Please let us know if you have any more queries.

The above code works very well for all TOC Items
EXCEPT the LAST item. The Last item’s content is not picked up.
I think this is because of the [i+1] in the code yellow code below.

for (int i = 0; i < tocitems.Count - 1; i++)
{
    BookmarkStart bookmarkStart = doc.Range.Bookmarks[tocitems[i].ToString()].BookmarkStart;
    BookmarkStart bookmarkEnd = doc.Range.Bookmarks[tocitems[i + 1].ToString()].BookmarkStart;
    // Firstly extract the content between these nodes including the bookmark.
    ArrayList extractedNodes = ExtractContent(bookmarkStart, bookmarkEnd, false);
    Document doc2 = GenerateDocument(doc, extractedNodes);
    doc2.Save(MyDir + tocitems[i] + "AsposeOut.docx");
}

Hi Nitin,

Thanks for your inquiry. It would be great if you please share following detail for investigation purposes.

  • Please attach your input Word document.
  • Please

create a standalone/runnable simple application (for example a Console
Application Project
) that demonstrates the code (Aspose.Words code) you used to generate
your output document

  • Please attach the output Word file that shows the undesired behavior.
  • Please
    attach your target Word document showing the desired behavior. You can
    use Microsoft Word to create your target Word document. I will
    investigate as to how you are expecting your final document be generated
    like.

Unfortunately,
it is difficult to say what the problem is without the Document(s) and
simplified application. We need your Document(s) and simple project to
reproduce the problem. As soon as you get these pieces of information to
us we’ll start our investigation into your issue.

Hi Tahir,

See attached a sample VS2013 solution.
The sample doc is in the Debug/bin folder.

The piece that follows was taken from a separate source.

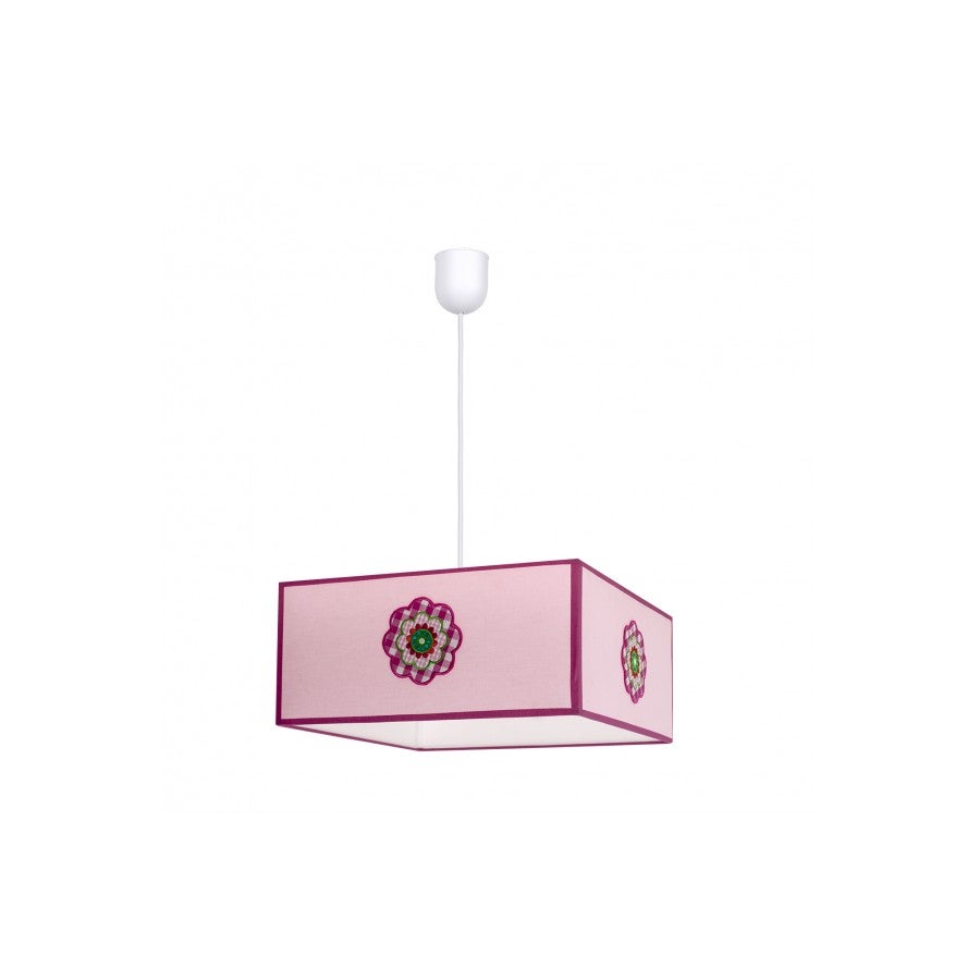 Le modèle de lampe de plafond pendentif Petal de FABRILAMP est fait de textile blanc/rose, son design se distingue par sa forme carrée et une broderie en forme de fleur. Il a un support de lampe E27.

You will see that I have 11 TOC items in my doc.
But the code only extract the content for 10 TOC items.
The Last item is never not extracted.

The code basically gets all TOC items
Then extracts the content BETWEEN one link and the next sibling.
The problem is that for the LAST TOC item there is NO next sibling,
and therefore does not extract.

Hi Nitin,

Thanks for your inquiry. In your case, I suggest you please insert a bookmark at the end of document and add it into toc array list as shown below. Hope this helps you. Please let us know if you have any more queries.

Document doc = new Document(WordFilePath);
DocumentBuilder builder = new DocumentBuilder(doc);
builder.MoveToDocumentEnd();
builder.StartBookmark("_TocEnd");
builder.EndBookmark("_TocEnd");
//***********************************************************
// GET CONTENT
// **********************************************************
NodeCollection nodes = doc.GetChildNodes(NodeType.FieldStart, true);
// Get list of bookmarks listed in TOC
ArrayList tocitems = new ArrayList();
foreach (Aspose.Words.Fields.FieldStart fstart in nodes)
{
    if (fstart.FieldType == Aspose.Words.Fields.FieldType.FieldPageRef)
    {
        String fieldText = GetFieldCode(fstart);
        if (fieldText.Contains("_Toc"))
        {
            fieldText = fieldText.Substring(fieldText.IndexOf("_Toc"), fieldText.Length - fieldText.IndexOf("_Toc")).Replace("\\h", "").Trim();
            tocitems.Add(fieldText);
        }
    }
}
tocitems.Add("_TocEnd");
LBL_TOTAL_TOC_ITEMS.Text = tocitems.Count.ToString();
// **************************************************

that fixed the issue.
THANK YOU so much!!